#### About this exercise:
When you repeat the material, keep each line exact and omit the pictures.

#### Material to process:
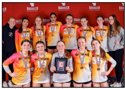
14 USA 2nd Place: MKE Sting 14-Silver
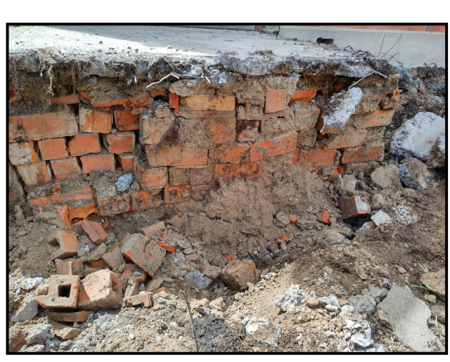
4. Bricks uncovered under porch landing.
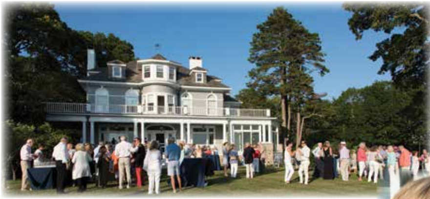
Guests gather on the lawn of the Ressler House in Dering Harbor
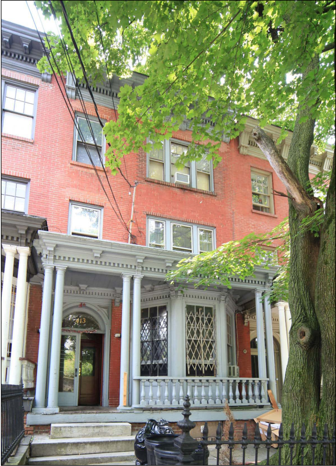
413 Westervelt Avenue Photo: Christopher D. Brazee, 2009
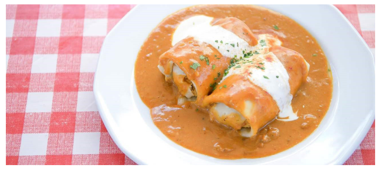
Best wishes from Gyongyi and colleagues in Hungary

#### Result:
14 USA 2nd Place: MKE Sting 14-Silver
4. Bricks uncovered under porch landing.
Guests gather on the lawn of the Ressler House in Dering Harbor
413 Westervelt Avenue Photo: Christopher D. Brazee, 2009
Best wishes from Gyongyi and colleagues in Hungary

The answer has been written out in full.